_ASSIGNED TASK_
After locating the line with "특히 '커뮤니케이션 역량'에서는" in the entries below, output it and each following line up to and including the line with "Filho de um", exactly and without pictures.

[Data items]
______

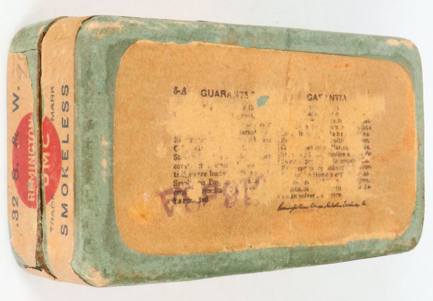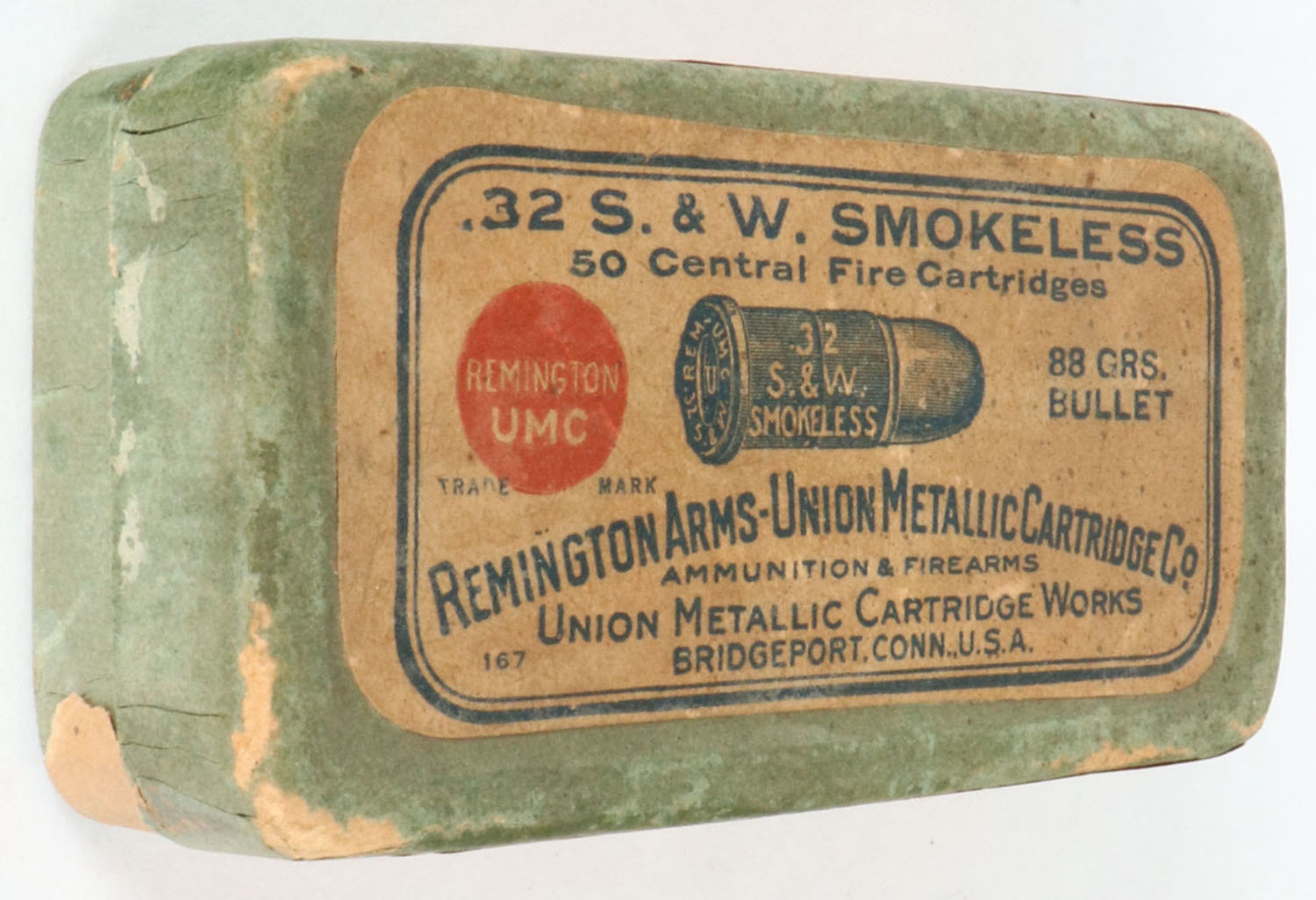 REM-UMC, .32 S&W, smokeless, 88 Gr. bullet, 2pc, Partial 41 Rds., blue box with buff label & black/red print, box is solid with parts of side labels missing, minor age soiling, minor rub marks, & light edge wear, ammo is excellent. Grade: Very Good ++ - Value: 20 to 40
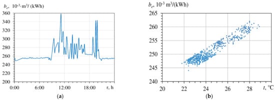 Specific volume gas consumption be aa a daily variation against time τ (a) and inlet air temperature t (b).
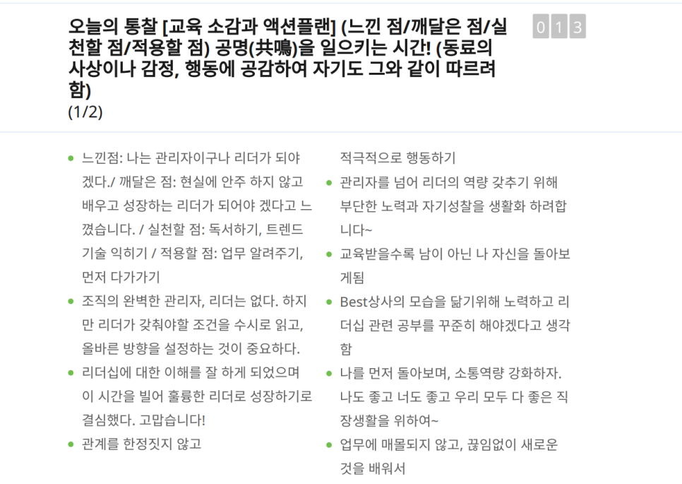 특히 '커뮤니케이션 역량'에서는 정보의 단순 전달을 넘어, 위와 아래를 원활히 소통하는 브릿지 리더로서의 역할에 초점을 맞췄습니다. 한 참가자는 "지금까지 상향식 커뮤니케이션의 중요성을 간과했던 것 같다"는 깨달음을 나누었습니다.
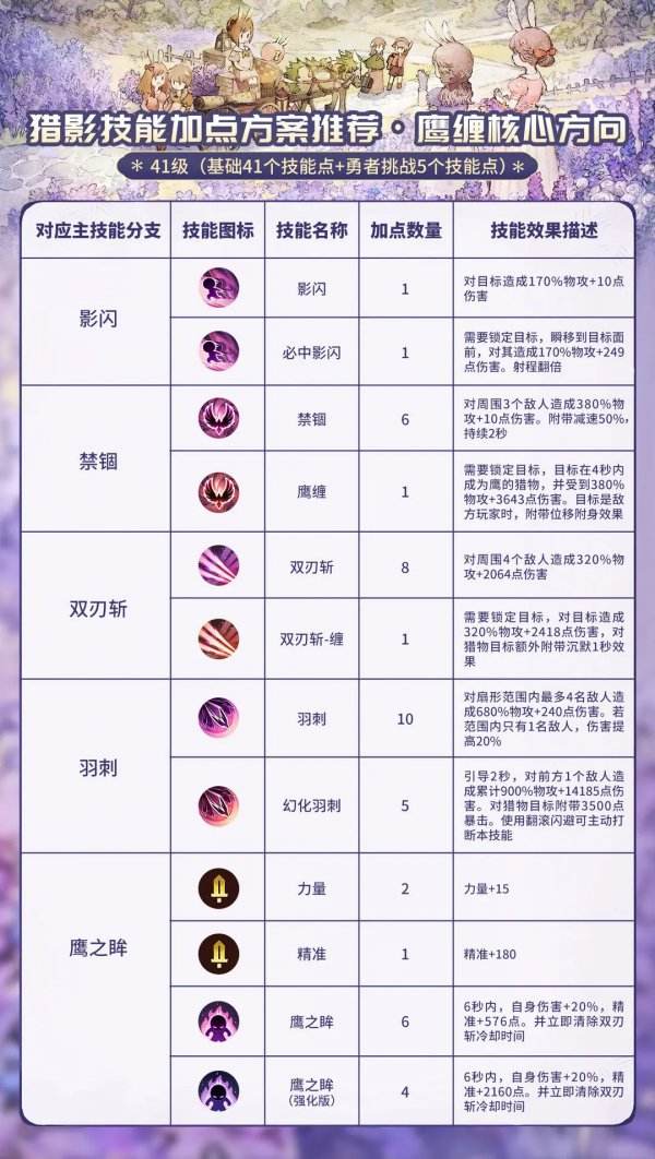 獵影的技能流派可以分為兩種,一個是以鷹纏為核心的強化PVP戰鬥能力的方向,主要是追擊和控制能力更強,技能很難被對手躲開;另一個則是無鷹纏的PVE戰鬥方向,更適用於靈活性較差的怪物目標,不用擔心怪物會躲開技能。
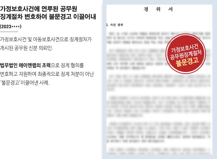 의뢰인은 지방 G시 공무원으로, 가정보호사건 및 아동보호사건이 문제되어 재직기관에 통보가 되었고 이에 징계절차가 개시되었습니다. 징계처분만은 피해야만 했던 의뢰인은 저희 법무법인 에이앤랩에 조력을 요청하였습니다.
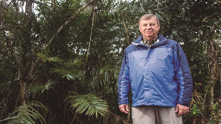 Filho de um aficionado por pesca, o norte-americano Jim Barborak estreitou contato com a natureza desde muito jovem. Dessas aproximações, que ele chama de “afetivas”, desdobrou-se uma respeitada trajetória profissional. Barborak é codiretor do centro de manejo de áreas protegidas na Universidade Estadual do Colorado (Estados Unidos). Ele esteve na Reserva Natural Sesc em Bertioga, em agosto, para compartilhar experiências com os guarda-parques, educadores e demais profissionais que atuam no local. Um dos diferenciais da reserva que mais o impressionaram foi o projeto de acessibilidade e de trilha com desenho universal, em fase de desenvolvimento.
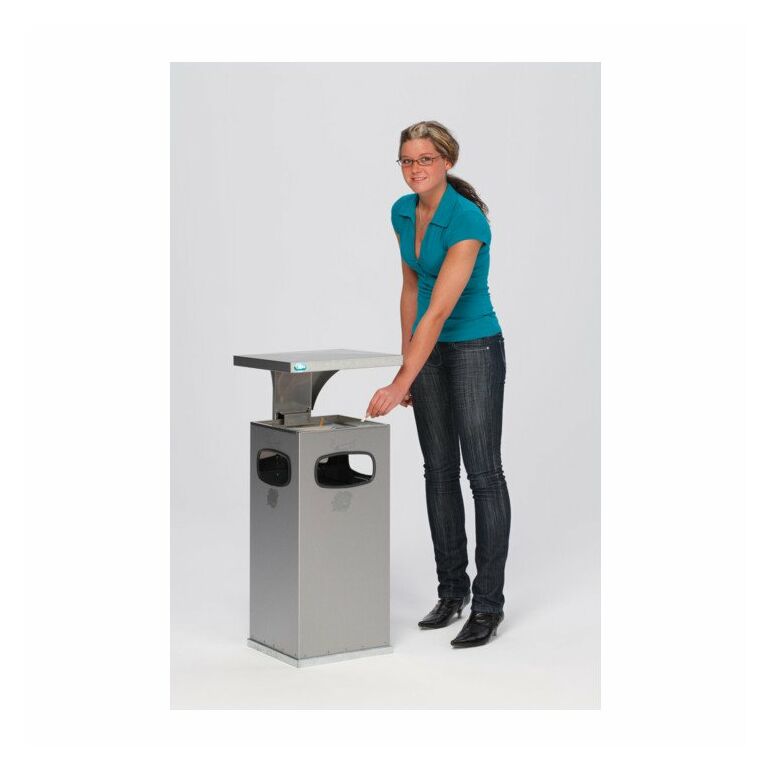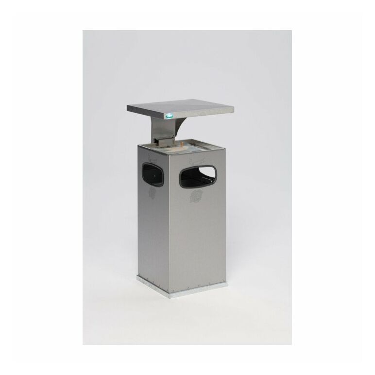 - Das verstärkte Dach wird mit einem Schloss (Vierkant-Schlüssel) verriegelt und ist gleichzeitig Diebstahlsicherung für den Aschereinsatz (Edelstahl) und das Kippensieb
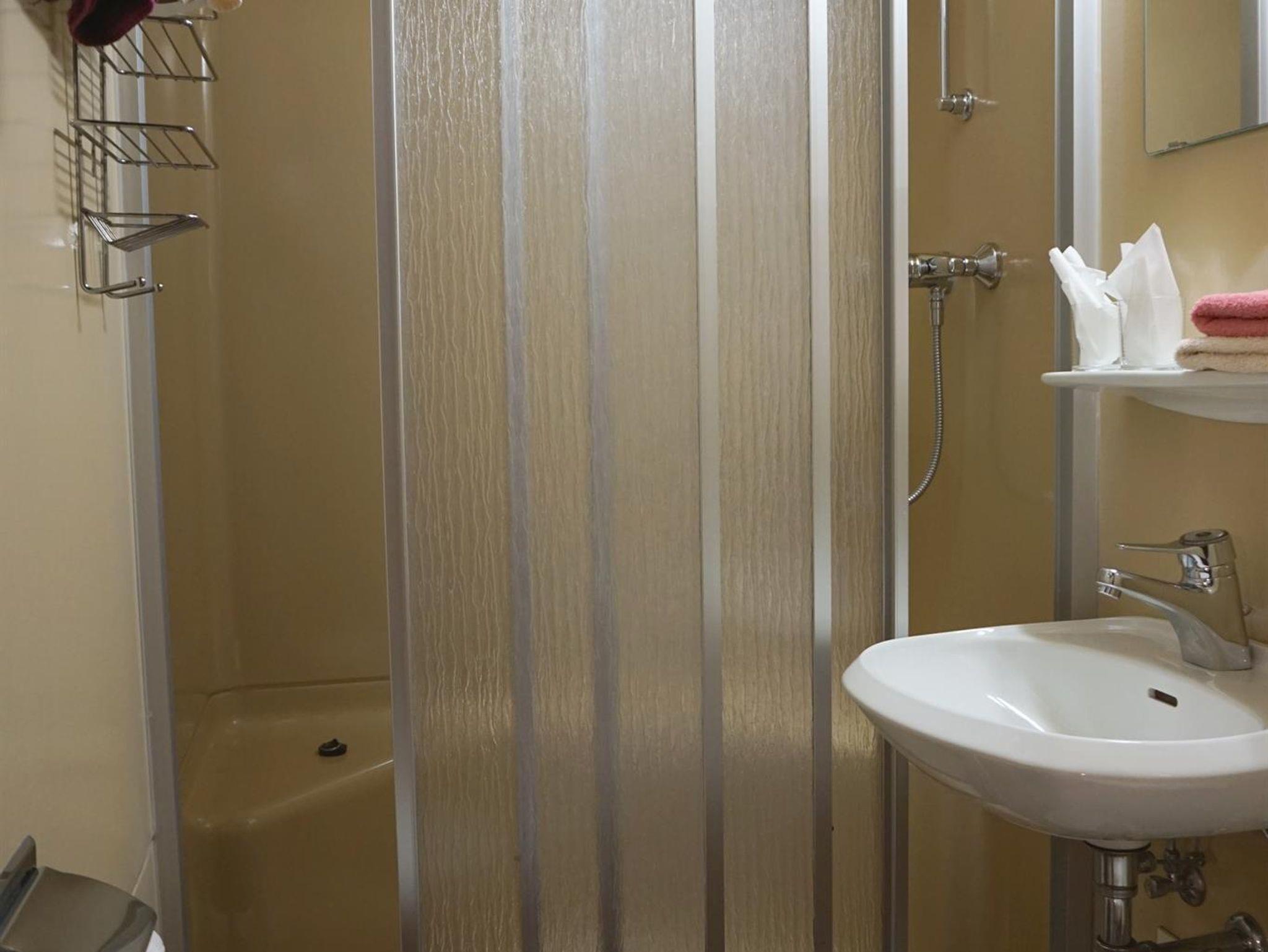 Doppelzimmer mit TV, DU/WC. Im 1. Stock des Haupthauses. Zugang zur Terrasse über den Gang.
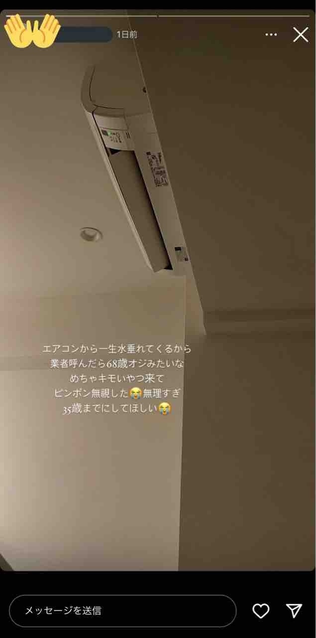 - 一生居留守してエアコンから一生垂れる水飲んで暑さを凌いでたらいいよ
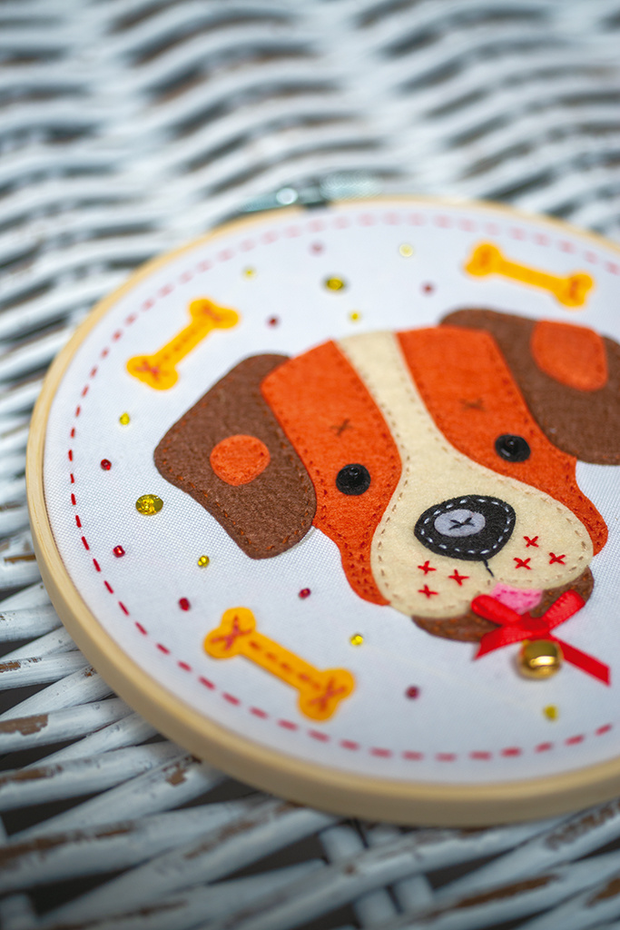 Knutselkit met vilt, Voorgedrukte stof: 100% katoen, Voorgesneden vilt: 100% polyester, Garen: 100% katoen, Werkwijze, Pareltjes, pailletten, 1 naald,1 houten flexihoop, Geschikt vanaf 12 jaar, ca. 15 x 15 cm / 6″ x 6″, Leeftijdscategorie: vanaf 12 jaar,
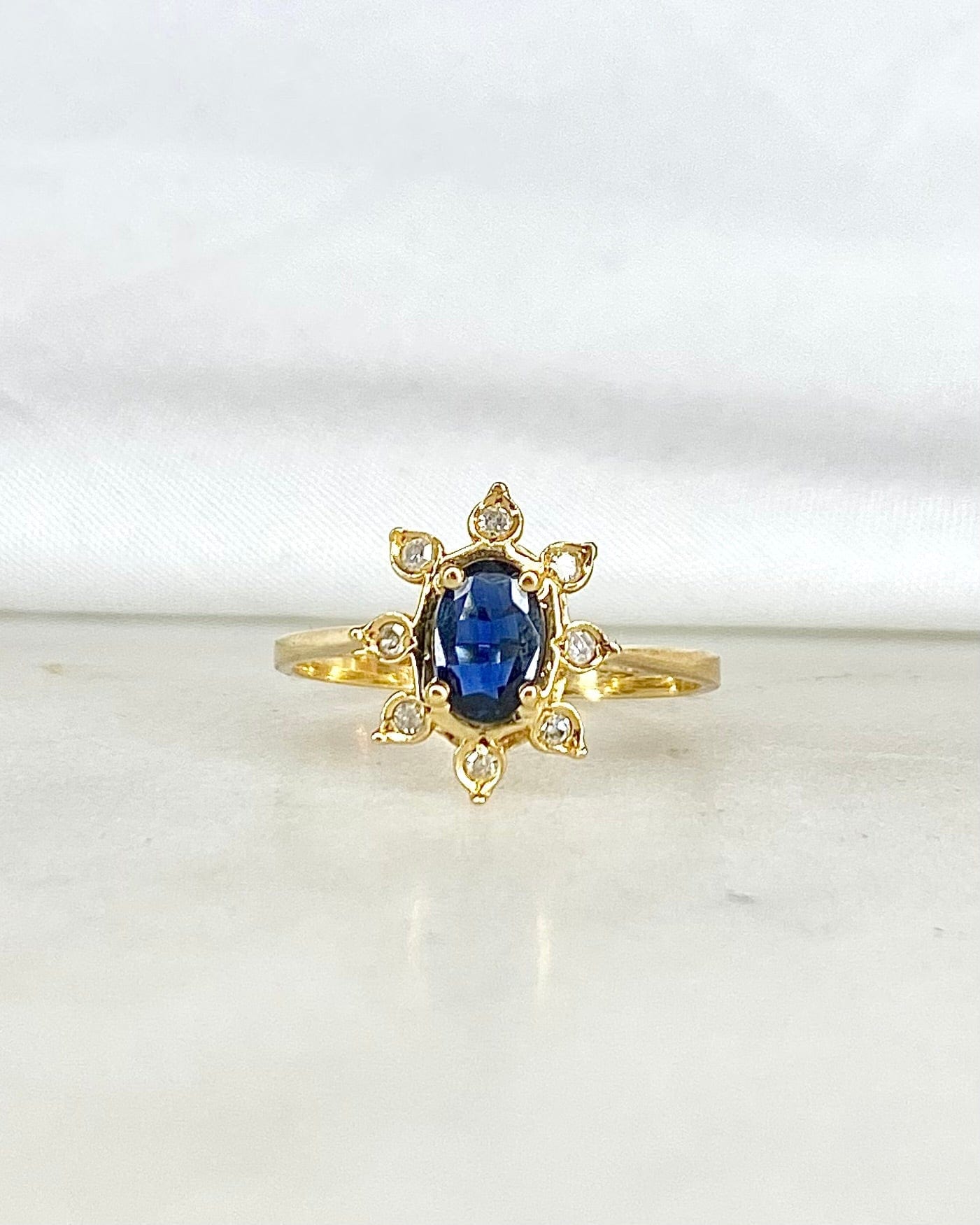 "Virginie" est une bague marguerite vintage, façonnée en or jaune 18 carats. Elle dévoile un magnifique saphir central de 0.45 carat, une pierre précieuse au bleu intense et profond. Il est sublimé par un halo de 8 diamants de 0.08 carat au total. Ils sont sertis sur un entourage de forme florale au design particulièrement délicat, reflet d'un savoir-faire joaillier français d'exception.
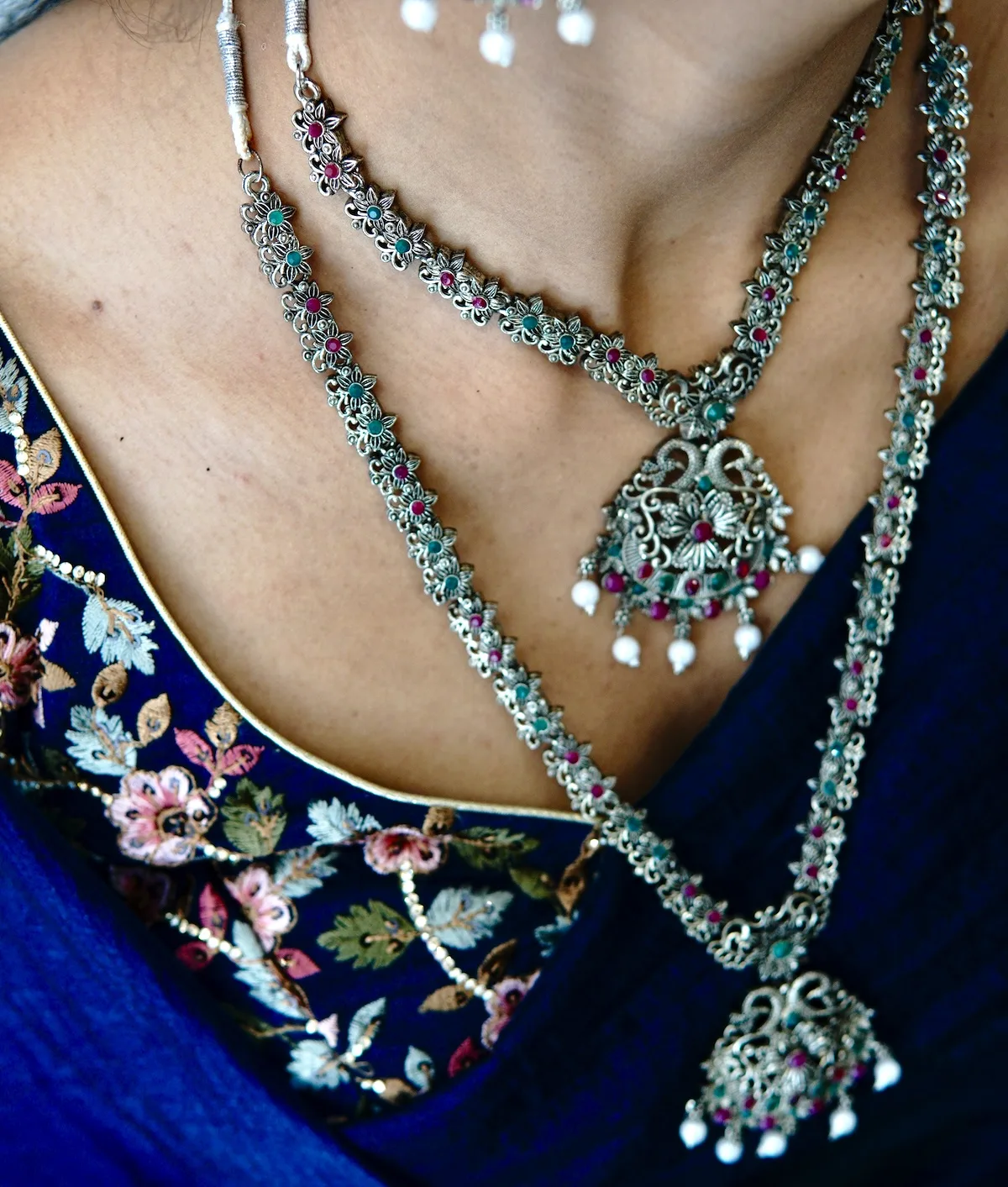 This layered necklace set is specially designed for festivals and dance celebrations. You can wear it for Navratri, Garba nights, Dandiya Raas, cultural programmes, and themed parties. Furthermore, it pairs exceptionally well with chaniya choli, ghagras, mirror work outfits, and colourful kurtis. As a result, it becomes a must-have accessory for festive wardrobes that demand energy, colour, and traditional flair.

______

_TASK SOLUTION_
 특히 '커뮤니케이션 역량'에서는 정보의 단순 전달을 넘어, 위와 아래를 원활히 소통하는 브릿지 리더로서의 역할에 초점을 맞췄습니다. 한 참가자는 "지금까지 상향식 커뮤니케이션의 중요성을 간과했던 것 같다"는 깨달음을 나누었습니다.
 獵影的技能流派可以分為兩種,一個是以鷹纏為核心的強化PVP戰鬥能力的方向,主要是追擊和控制能力更強,技能很難被對手躲開;另一個則是無鷹纏的PVE戰鬥方向,更適用於靈活性較差的怪物目標,不用擔心怪物會躲開技能。
 의뢰인은 지방 G시 공무원으로, 가정보호사건 및 아동보호사건이 문제되어 재직기관에 통보가 되었고 이에 징계절차가 개시되었습니다. 징계처분만은 피해야만 했던 의뢰인은 저희 법무법인 에이앤랩에 조력을 요청하였습니다.
 Filho de um aficionado por pesca, o norte-americano Jim Barborak estreitou contato com a natureza desde muito jovem. Dessas aproximações, que ele chama de “afetivas”, desdobrou-se uma respeitada trajetória profissional. Barborak é codiretor do centro de manejo de áreas protegidas na Universidade Estadual do Colorado (Estados Unidos). Ele esteve na Reserva Natural Sesc em Bertioga, em agosto, para compartilhar experiências com os guarda-parques, educadores e demais profissionais que atuam no local. Um dos diferenciais da reserva que mais o impressionaram foi o projeto de acessibilidade e de trilha com desenho universal, em fase de desenvolvimento.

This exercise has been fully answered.